The platform has two 1" diameter rods that slides up into each boot through the feet. So he's very sturdy but can also be lifted off the platform and displayed directly on the floor. If displayed standing on the floor, there is an eye-hook that protudes from the rear of his waist to tie him into a hook on the wall for safety reason. You wouldn't want him to accidently fall on someone should they bump him to hard.

Note to Sickie...sorry you missed out on that head deal. I just assumed you were not interested.


----------



## Sickie Ickie (Jun 20, 2006)

No harm done. My own fault for not seeing it.


----------



## groovie ghoulie (Nov 12, 2008)

Richie said:


> Note to Sickie...sorry you missed out on that head deal. I just assumed you were not interested.

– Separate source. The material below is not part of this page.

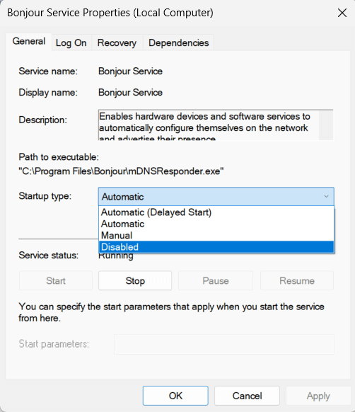 解决方案 8 – 禁用 Bonjour 服务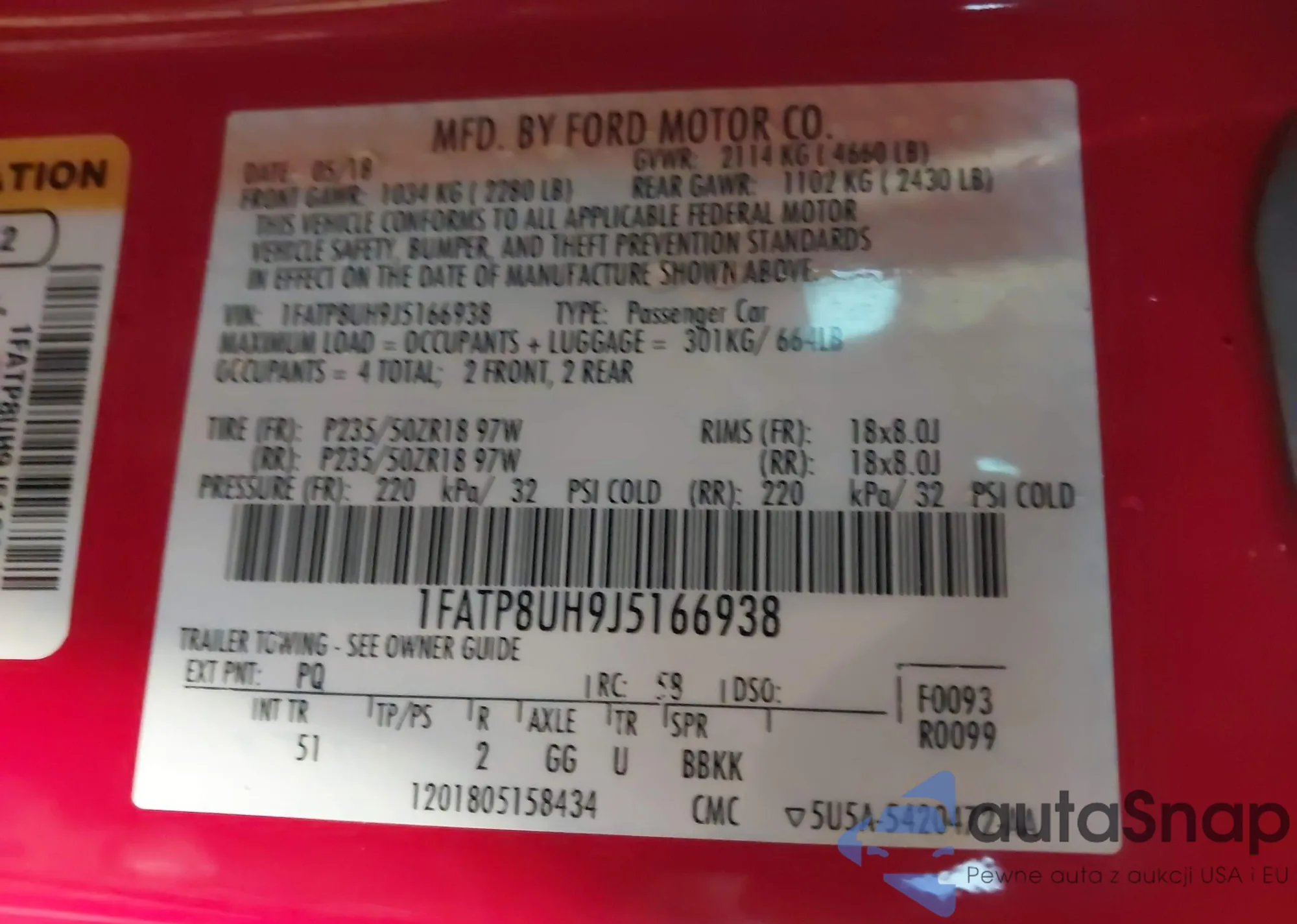 • VIN: 1FATP8UH9J5166938

So the heads gone, then? LOL Anyway, That is an awesome piece!


----------



## jdubbya (Nov 6, 2005)

Richie,
These are the head/hands I have had for years bit never really used. I had thought of just selling them but would like to make a Frankenstein prop for a scene we're doing this year. I haven't seen this mask/hands since we bought them over 15 years ago. The latex is thick and has held up very well.


----------



## Richie (Jan 4, 2007)

jdubbya said:


> Richie,
> These are the head/hands I have had for years bit never really used. I had thought of just selling them but would like to make a Frankenstein prop for a scene we're doing this year. I haven't seen this mask/hands since we bought them over 15 years ago. The latex is thick and has held up very well


Hi Jdubbya,

Those would make a wonderful life size Frankenstein prop! I always liked that mask because of the great skin tone and hair it had. Those hands are one of the best around and look completely real, even better than the 1973 set I used for mine. I wouldn't sell them and put them to good use and assemble a full size figure. Do a little work at a time on it, no rush since it's winter time.

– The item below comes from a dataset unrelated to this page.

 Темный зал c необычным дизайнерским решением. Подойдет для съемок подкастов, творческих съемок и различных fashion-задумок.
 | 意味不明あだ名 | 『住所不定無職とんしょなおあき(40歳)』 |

Assuming you want it to look the part, getting a large enough suit (size 52+ and pants, size 46) and padding him correctly will be the difficult part. We also have our Frankenstein on display in our house the balance of the year in a spare room. Please post photos if you proceed with your creation.

Note to Groovie Ghoulie Yes, the mannequin head was used for another prop, sorry.


----------



## groovie ghoulie (Nov 12, 2008)

Note to Groovie Ghoulie Yes, the mannequin head was used for another prop, sorry.[/QUOTE]

Well, I'm glad it was put to good use, and thanks for the inspiration, I'm gonna dig out my old Frankie mask, as well!


----------



## Just Whisper (Jan 19, 2009)

Really nice job on the Frankenstein. Your attention to detail really paid off. I love Frankie. Wish I had one.


----------



## scarymovie (Feb 14, 2010)

Wow you did a great job on that frankenstein that looks hard to make though!


----------